Verbatim copy without pictures. Please print every entry as it stands.
[Supplied information Boundary: Start]
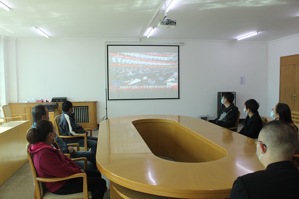 大龙控股所属大龙物资党支部组织党员干部观看二十大开幕式
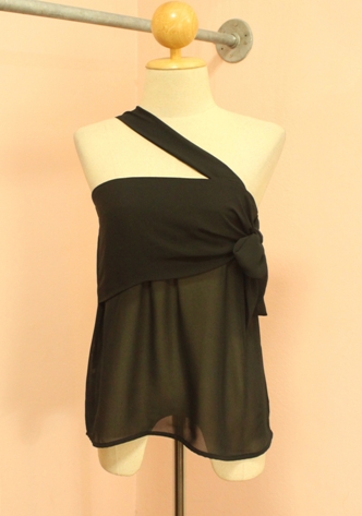 NEW NEW !!!322-1 เสื้อกล้ามสายเดี่ยวผ้าชีฟอง อกโบว์ กระดุมหลังโบว์ (ช่วงคอ) สีดำ ใส่ขึ้นมาน่ารักค่ะ
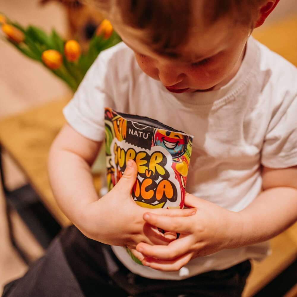 100% přírodní složení, bez zbytečností a bez přidaného cukru. Jen ovoce v té nejlepší podobě – přesně tak, jak to mají děti rády.
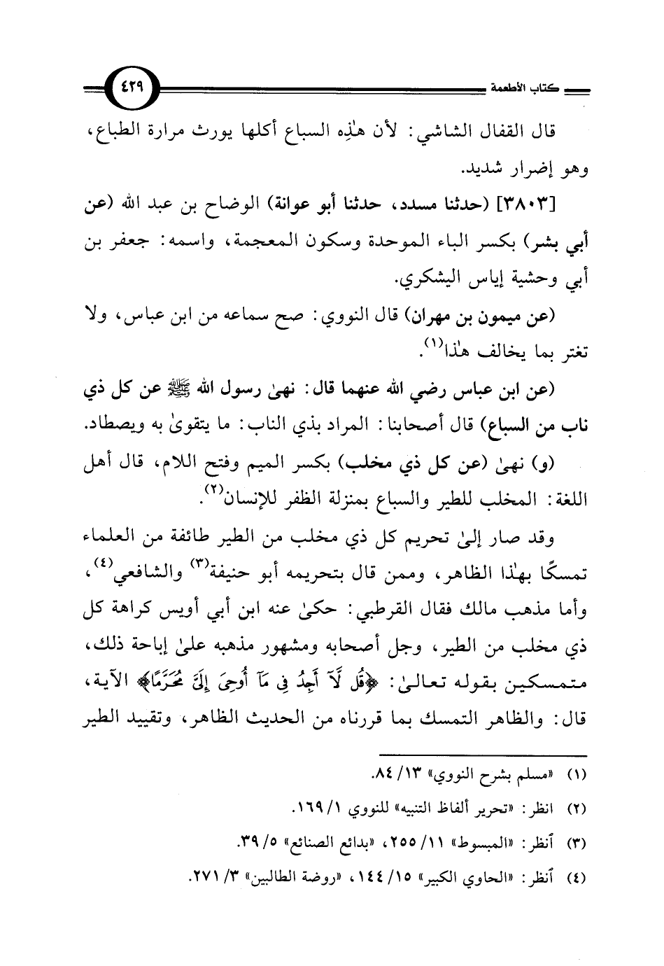 (عن ابن عباس رضي اللَّه عنهما قال: نهى رسول اللَّه -صلى اللَّه عليه وسلم- عن كل ذي ناب من السباع) قال أصحابنا: المراد بذي الناب: ما يتقوى به ويصطاد.
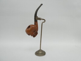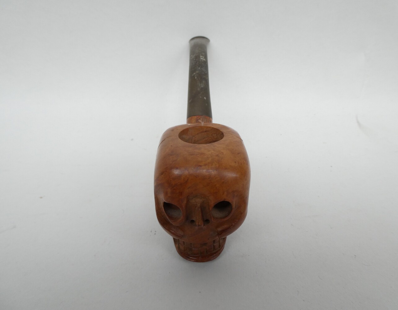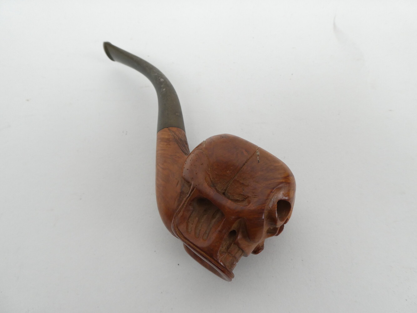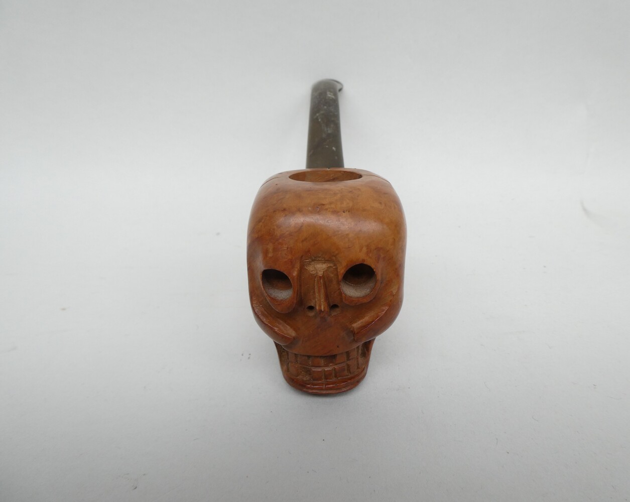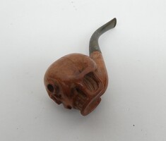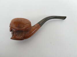 Antieke houtgesculpteerde pijp, de kop is een doodshoofd. Totale lengte 16cm - hoogte 5cm.
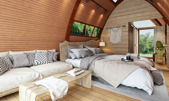 這款產品是天幕小屋家庭款,產品戶型是標準間,外部面積:72 ㎡,內部面積:38 ㎡,外部尺寸:8*9 m ,內部尺寸: 4.5*8.5m,主體高度:3.7 m ,墻面高度:2.2 m,防風等級:8 級。
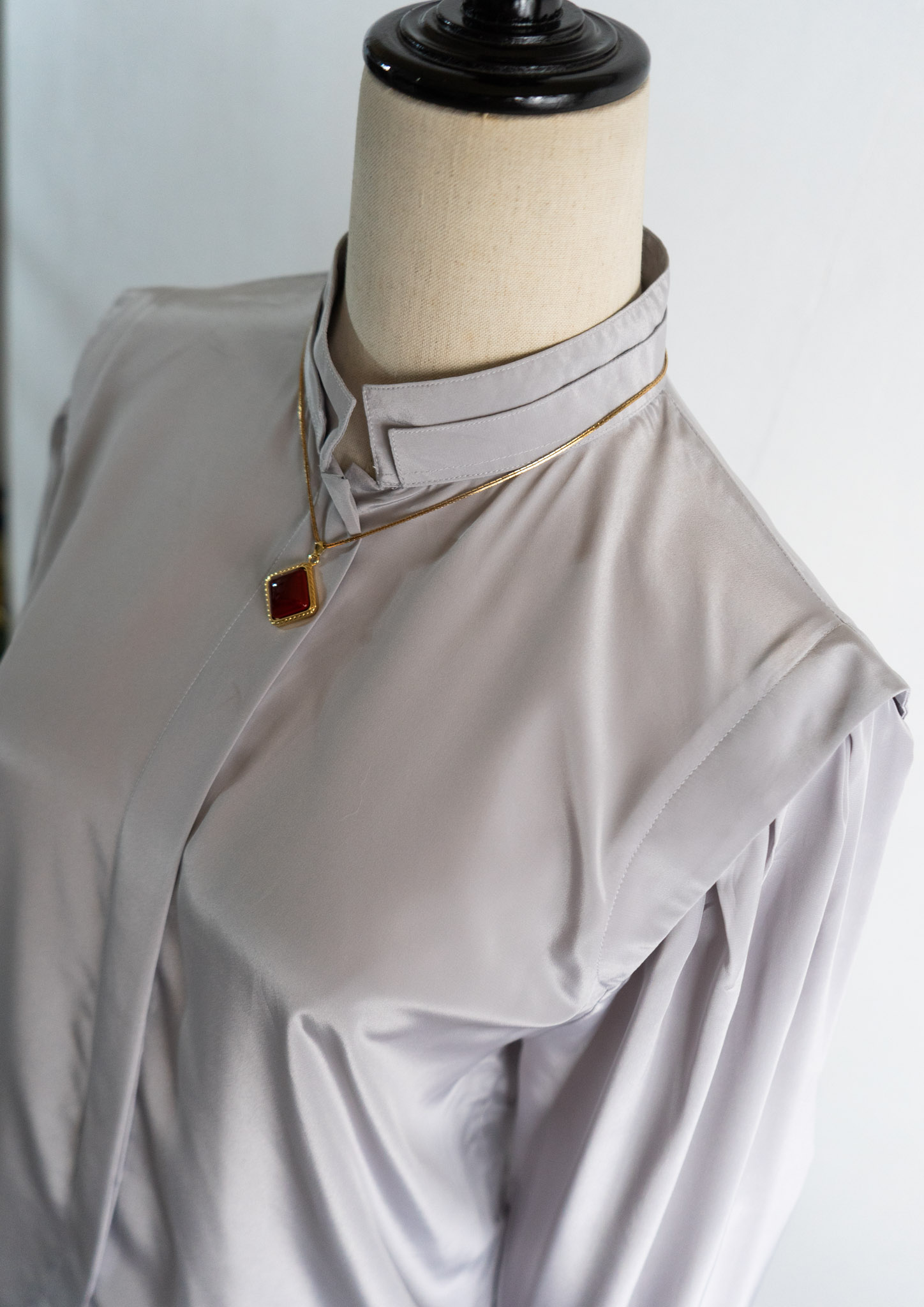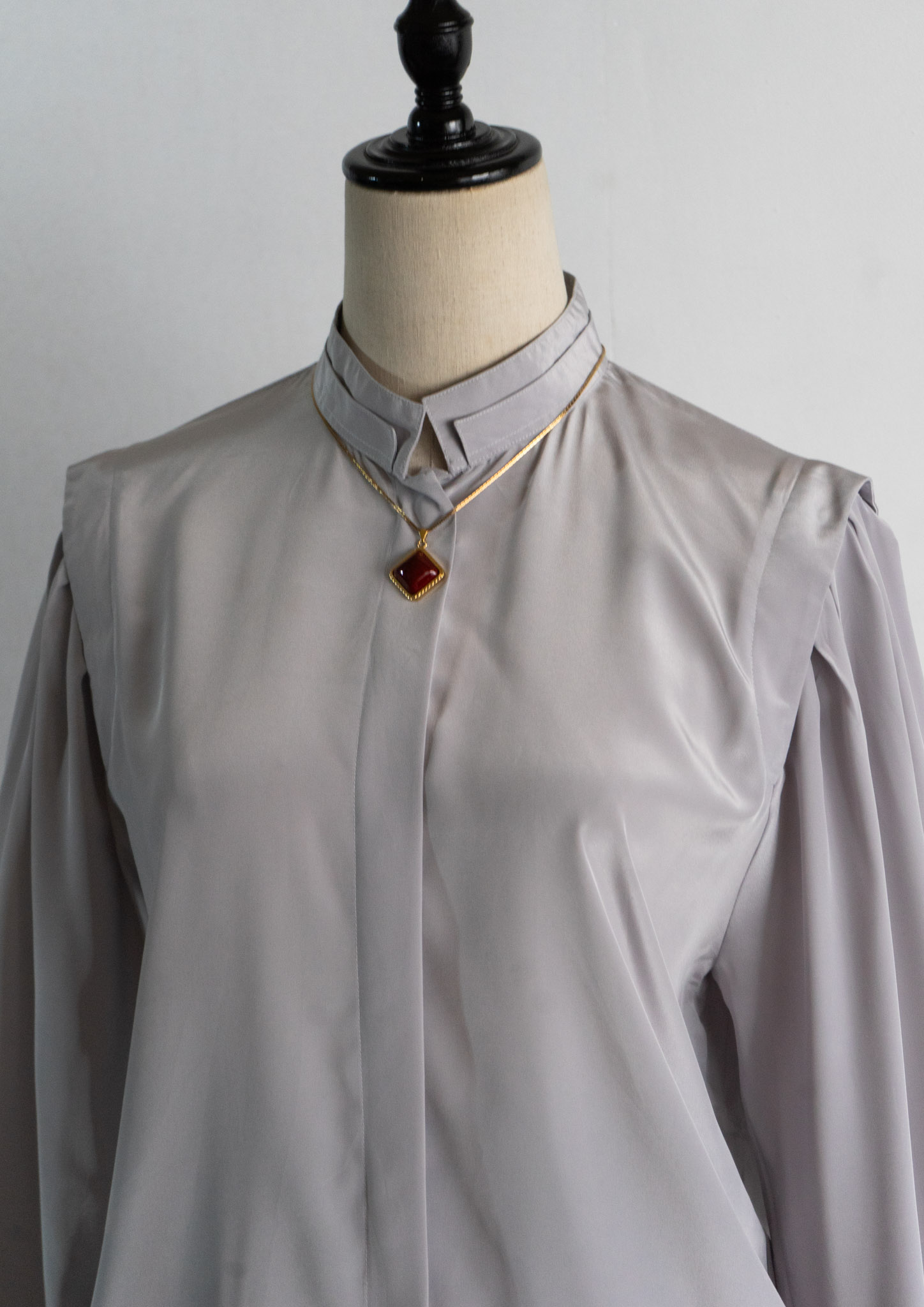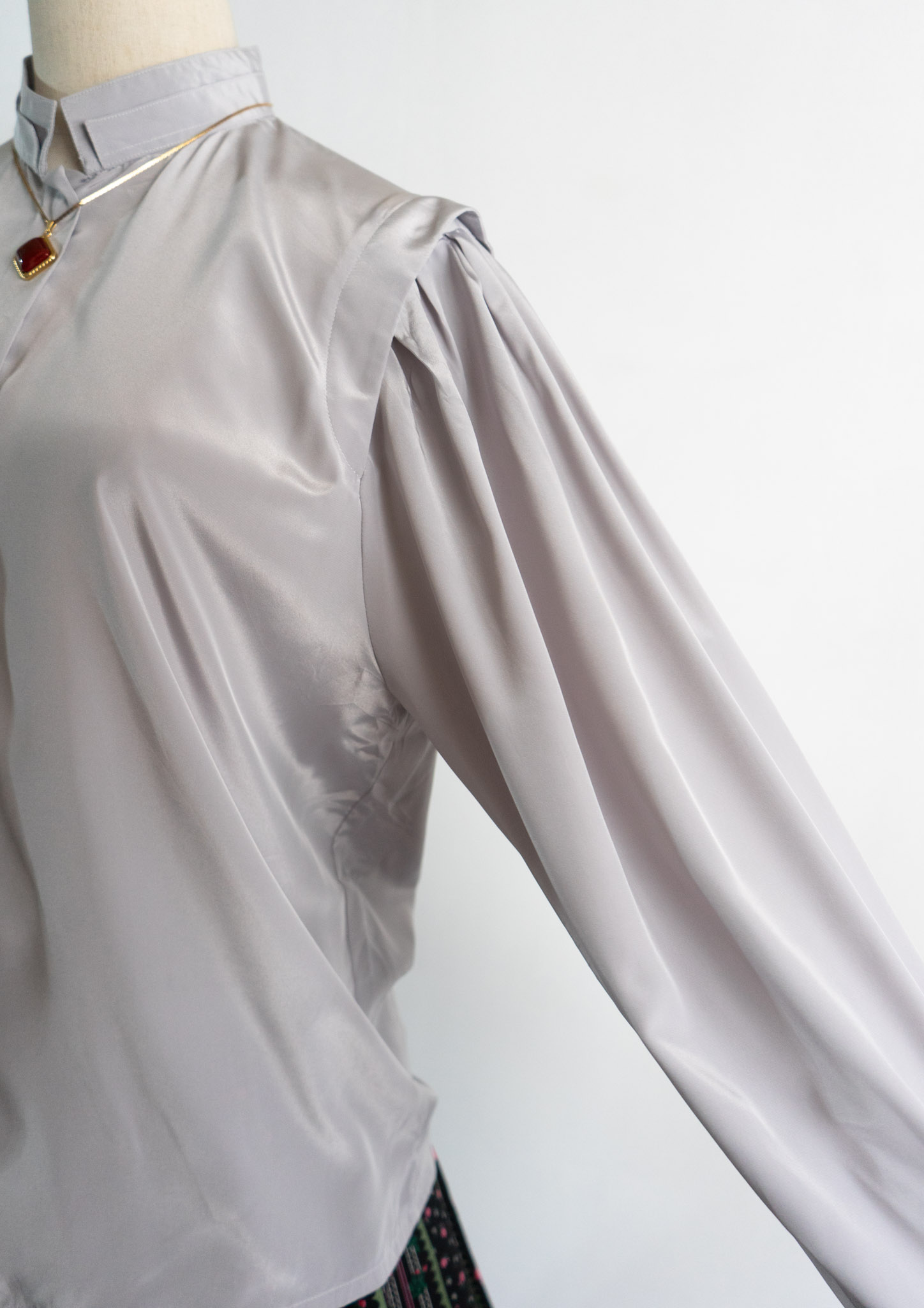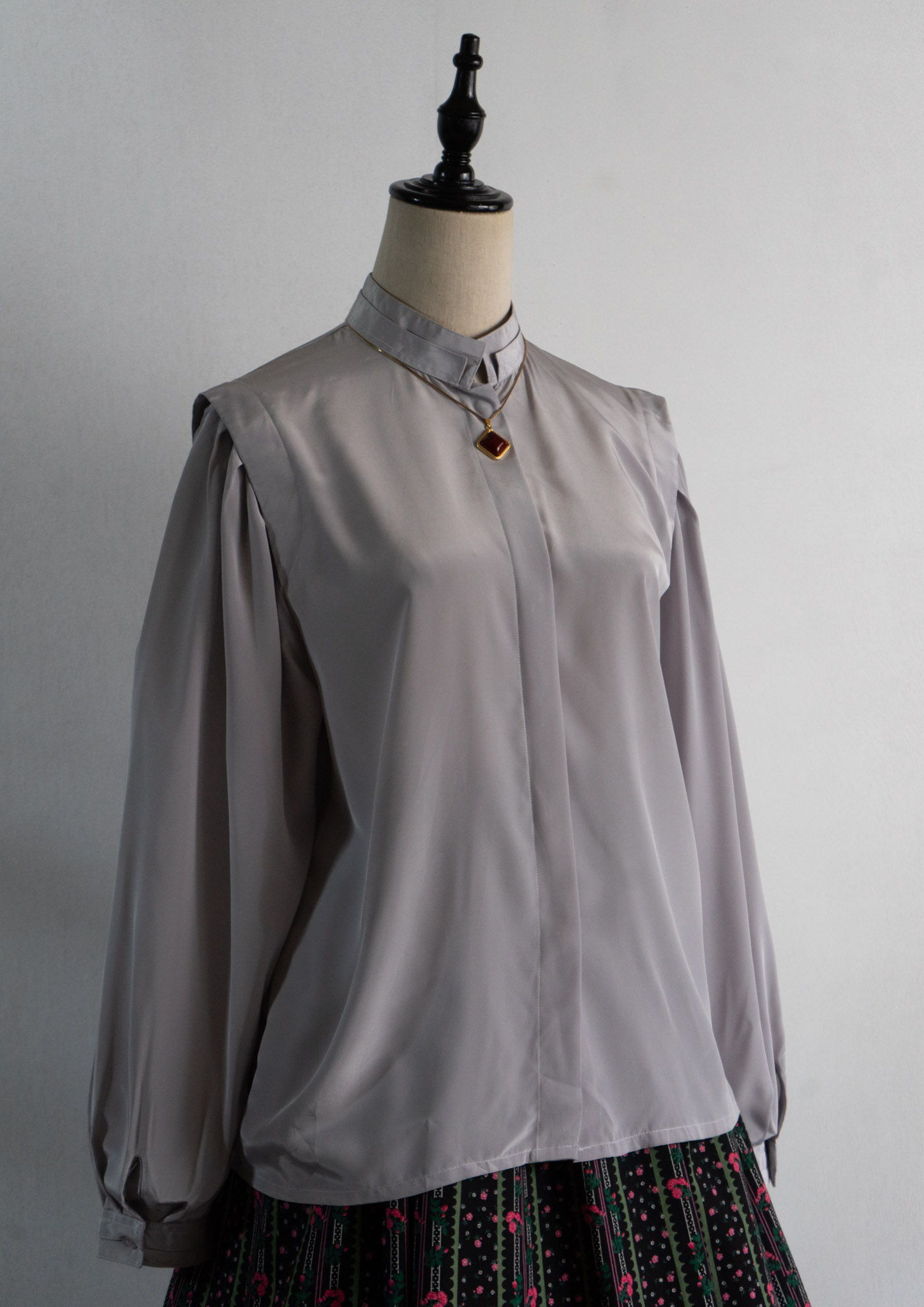 80~90's Euro Double Stand Collar Light Gray Blouse
[Supplied information Boundary: End]
Response below
 大龙控股所属大龙物资党支部组织党员干部观看二十大开幕式
 NEW NEW !!!322-1 เสื้อกล้ามสายเดี่ยวผ้าชีฟอง อกโบว์ กระดุมหลังโบว์ (ช่วงคอ) สีดำ ใส่ขึ้นมาน่ารักค่ะ
 100% přírodní složení, bez zbytečností a bez přidaného cukru. Jen ovoce v té nejlepší podobě – přesně tak, jak to mají děti rády.
 (عن ابن عباس رضي اللَّه عنهما قال: نهى رسول اللَّه -صلى اللَّه عليه وسلم- عن كل ذي ناب من السباع) قال أصحابنا: المراد بذي الناب: ما يتقوى به ويصطاد.
 Antieke houtgesculpteerde pijp, de kop is een doodshoofd. Totale lengte 16cm - hoogte 5cm.
 這款產品是天幕小屋家庭款,產品戶型是標準間,外部面積:72 ㎡,內部面積:38 ㎡,外部尺寸:8*9 m ,內部尺寸: 4.5*8.5m,主體高度:3.7 m ,墻面高度:2.2 m,防風等級:8 級。
 80~90's Euro Double Stand Collar Light Gray Blouse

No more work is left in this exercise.